FELICIA LIVIA SPRINCENATU,

    Plaintiff,

v .                             Durham County
                                No. 01 CVS 0021
ALLSTATE INDEMNITY COMPANY,
EDDIE SCOTT and PEARL SCOTT,

    Defendants.

    Appeal by plaintiff from order entered 12 April 2001 by Judge Anthony Brannon, and orders entered 5 June 2001 by Judge Orlando F. Hudson, Jr., in Superior Court, Durham County.
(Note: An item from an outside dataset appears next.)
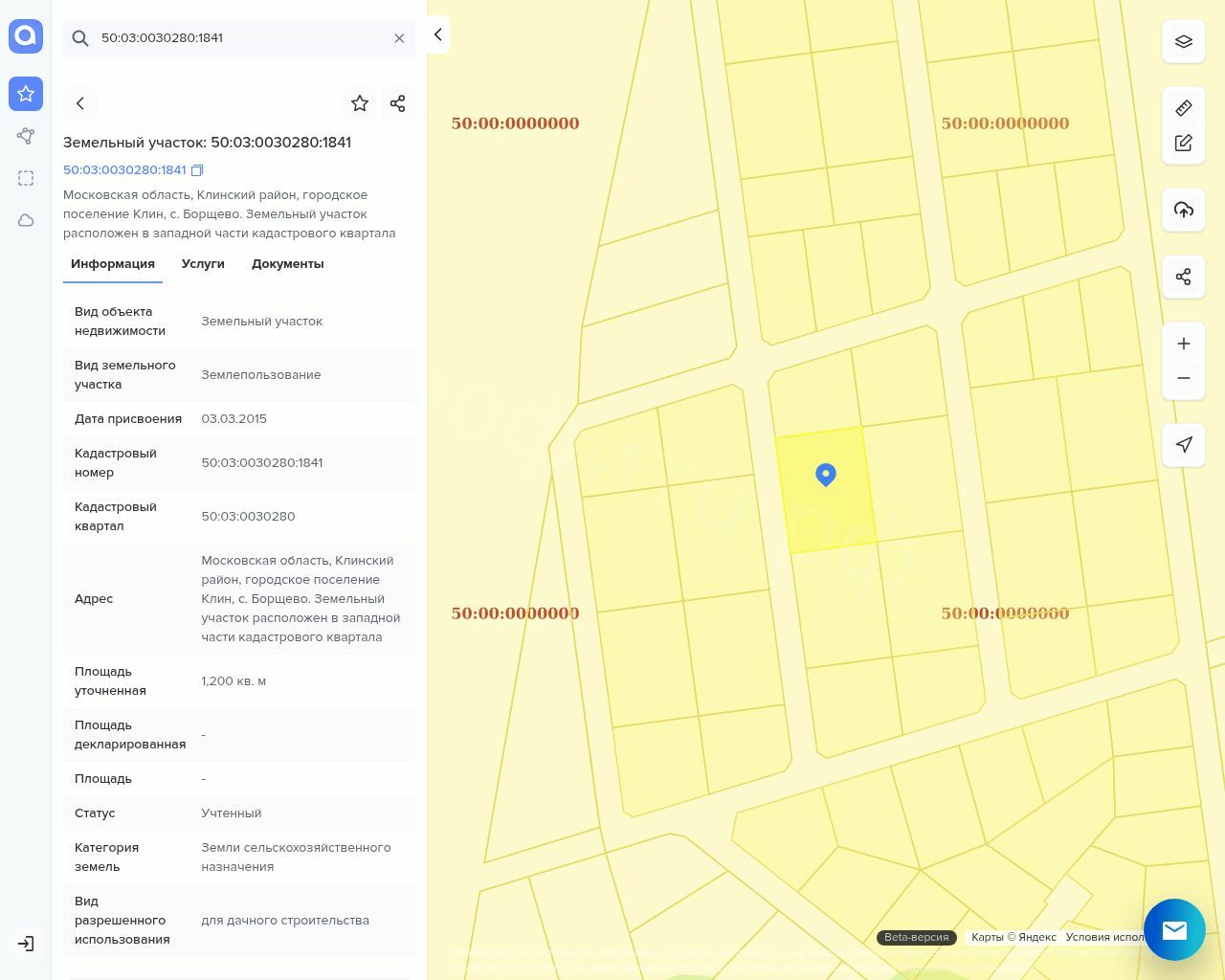 Земельный участок, к.н. 50:03:0030280:1841, пл. 1200+/-24 кв.м.

Heard in the Court of Appeals 5 June 2002.

    Felicia Livia Sprincenatu, plaintiff-appellant, pro se.

    Teague, Rotenstreich & Stanaland, LLP, by Kenneth B. Rotenstreich and Paul A. Daniels, for defendants-appellees.

    WYNN, Judge.

    Plaintiff appeals from the trial court's 12 April 2001 order setting aside the 22 February 2001 entry of default against defendant Allstate Indemnity Company; plaintiff also appeals from the trial court's 5 June 2001 orders allowing defendant Allstate's motion to dismiss, and allowing defendants Scotts' motion to dismiss. We affirm.
    Plaintiff filed a “Proposed Record on Appeal” with this Courton 30 August 2001. We note that the record does not comply with N.C.R. App. P. 9 (2002) in that it does not contain an index pursuant to Rule 9(a)(1)(a), nor does it contain a copy “of any agreement, notice of approval, or order settling the record on appeal” as required pursuant to Rule 9(a)(1)(i). The record further fails to comply with the requirements of Rules 9(b)(1) and 9(b)(4). Furthermore, the record, even assuming arguendo that it was properly constituted under Rule 9 and properly settled under N.C.R. App. P. 11 (2002), was not timely filed with this Court pursuant to N.C.R. App. P. 12 (2002).
    On 19 October 2001, plaintiff filed a delinquent motion for extension of time to file the record on appeal with this Court; the same day, defendants filed a motion to dismiss plaintiff's appeal as well as a motion for sanctions against plaintiff under N.C.R. App. P. 34. These motions were referred to this panel for disposition.
    Plaintiff's brief was to be filed with this Court on or before 7 October 2001; on 23 October 2001, plaintiff filed a delinquent motion for extension of time until 6 November 2001 to file her brief; this Court allowed plaintiff's motion, requiring that her brief be filed with this Court on or before 3 December 2001. The order allowing plaintiff's motion for extension provided specifically that “No further extensions of time to file plaintiff- appellant's brief shall be allowed.” Plaintiff filed her brief with this Court on 5 December 2001.
    On 19 December 2001, defendants-appellees filed a motion forextension of time until 4 February 2002 to file their brief, which motion was granted by this Court. Defendants filed their brief with this Court on 5 February 2002.
    On 2 January 2002, defendants filed a motion to amend the record on appeal, consistent with their contention that the record on appeal was never properly settled. This motion was referred to this panel for disposition.
    We hereby deny defendants 2 January 2002 motion to amend the record on appeal; deny plaintiff's 19 October 2001 motion for extension of time to file the record on appeal; and deny defendants motion to dismiss plaintiff's appeal on the basis of plaintiff's multiple violations of our Rules of Appellate Procedure. Furthermore, we deny defendants-appellees' motion for sanctions against plaintiff pursuant to Rule 34.
    We have therefore reviewed the merits of plaintiff's appeal despite the record not being timely filed with this Court and numerous other rules violations. We summarily hold that plaintiff has failed to show that the trial court abused its discretion in setting aside the entry of default, see Privette v. Privette, 30 N.C. App. 41, 226 S.E.2d 188 (1976); additionally, plaintiff has failed to show that the trial court erred in granting defendants- appellees' motions to dismiss. Accordingly, the trial court's 12 April 2001 order setting aside the entry of default, and the 5 June 2001 orders allowing defendants-appellees' motions to dismiss are,
    Affirmed.
    Judges HUNTER and THOMAS concur.    Report per Rule 30(e).